En Normandie, la chasse vient d'ouvrir. Le narrateur se rend chez le baron René du Treilles, dans sa ferme Marinville pour chasser avec lui. Après un voyage cahoteux de deux heures par des chemins pierreux, dans une cage à poulets tirée par des chevaux peureux et menée par un paysan rustique, les trois compagnons arrivent à la ferme. Elle sent le lait, la pomme, la fumée, et la veille maison paysanne normande. Le soir venu, un dîner campagnard, chaleureux, familier, simple et abondant, remplit les ventres. Bientôt, le paysan, repu et fatigué, se frotte les yeux:
«—Si vous permettez, m’sieu le baron, j’ vas m’ mette au lit. J’ai pas coutume d’ veiller tard, mé.
Le baron lui tendit la main et lui dit : « Allez, mon ami », d’un ton si cordial, que je demandai, dès que l’homme eut disparu :
—Il vous est très dévoué, ce fermier ?
—Mieux que cela, mon cher, c’est un drame, un vieux drame tout simple et très triste qui m’attache à lui. Voici d’ailleurs cette histoire...»
Publiée dans le recueil «Le Colporteur» en 1900, la nouvelle «Le Fermier» raconte l'histoire d'un paysan au cœur sensible, avec comme décors la campagne profonde, et la Normandie si chère à Maupassant.
Guy de Maupassant (1850-1893) est un écrivain et journaliste français né au bord du littoral normand. Sa mère, douée d’une grande culture littéraire, participe à son éducation tournée vers les livres. Il passe le reste de son temps dans la campagne ou les ports, à converser avec pêcheurs et paysans qui lui serviront d’inspiration plus tard pour quelques personnages. À 12 ans, il est envoyé en pension où la religion, très présente, anime en lui un dégoût pour le sacré. Après le lycée, il est mobilisé en 1870 pour la guerre contre la Prusse. Un an plus tard, il fait ses bagages pour Paris où il y travaille comme fonctionnaire au Ministère de la Marine pendant 10 ans. En février 1875, il publie son premier conte, «La Main écorchée». Maupassant est très vite ennuyé par l’administration. Le soir, il travaille d'arrache-pied à ses œuvres littéraires ; et aux alentours de 1880, il se consacre pleinement à sa passion. C’est Flaubert qui l’introduit au monde de la littérature professionnelle. Il rencontre des auteurs réalistes, Zola, et les frères Goncourt.
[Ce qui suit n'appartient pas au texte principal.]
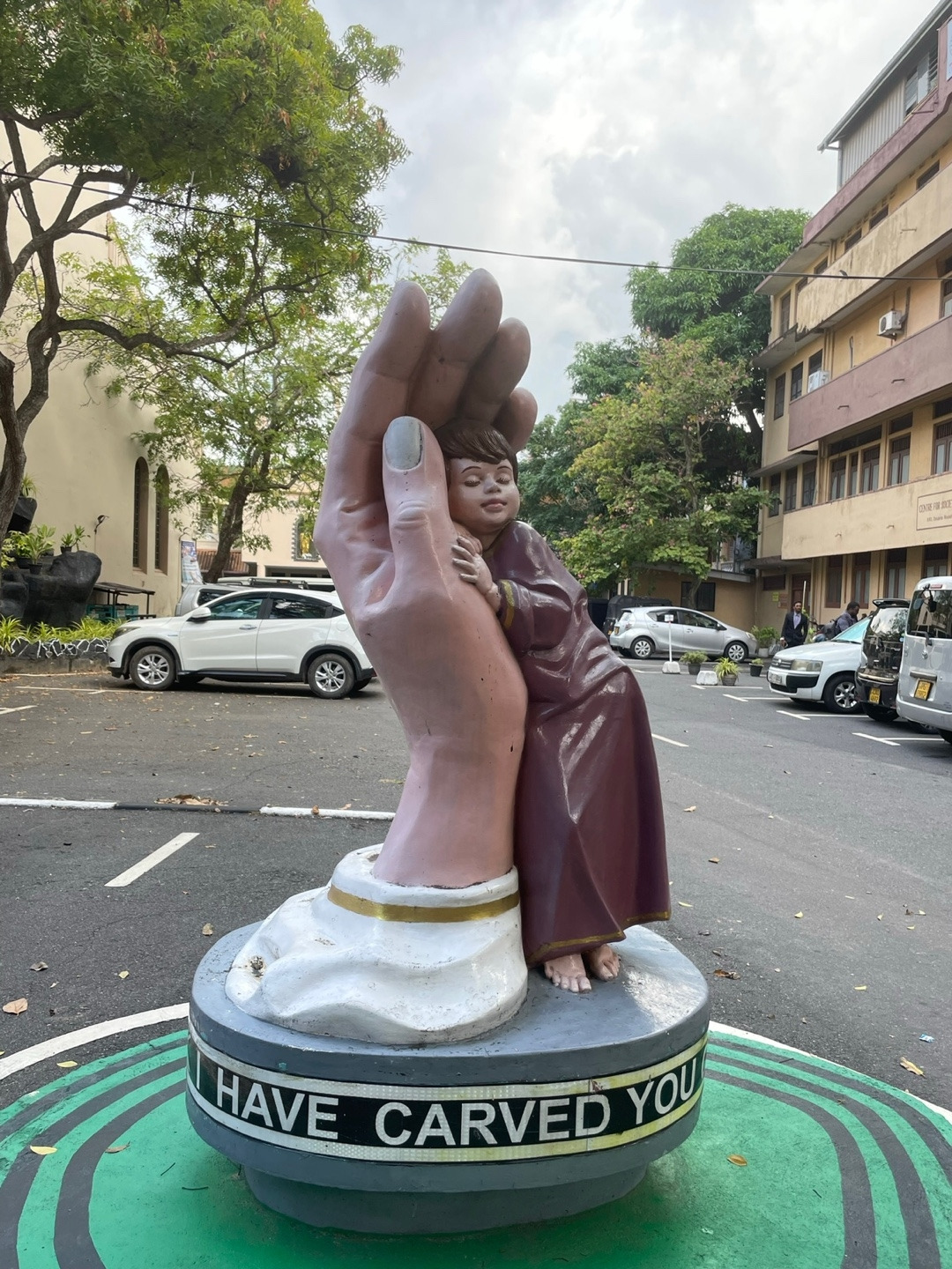 모든 이가 자유롭게 오가는 열린 모두의 장소에서 가장 필요한 손길을 먼저 내어주는 곳. 시내에서 멀지 않은 곳에 위치한 성당을 찾은 날은 유난히도 무더웠다. 내리쬐는 햇볕에 눈이 부셔 잠시 어디로 들어가야 할지 두리번거리자, 입구 어귀에 보이는 순백의 성모님이 길을 안내해 주신다. 그렇게 성모님을 보고 골목을 쭉 따라 들어서면 색이 바랜 병원 간판이 보인다. 생각했던 것보다 규모가 큰 성전 그리고 그 주위를 둘러싼 사회사목 공동체들의 이름도 눈에 띈다. 아누다라푸라의 보라색 성당으로 기억에 남아있는 익숙한 오블라띠회 그리고 반가운 성 에우제니오 드 마제노드 성인도 계신다.

Maupassant fait un départ lent, mais il connaît bientôt le succès avec «Boule de Suif». Avec Zola qu’il côtoie aux Soirées de Médan, s’ensuivent de nombreuses nouvelles, toutes plus cultes les unes que les autres: «La ficelle» (1883), «La parure» (1884) ou «Le Horla» (1887). Il publie aussi des romans réalistes: «Une vie» en 1883, «Bel-Ami» en 1885 et «Pierre et Jean» en 1888. Guy de Maupassant, reconnu de son vivant, l’est aussi dans la mort: de nombreuses adaptations à l’écran renouvellent encore aujourd’hui ses œuvres intemporelles.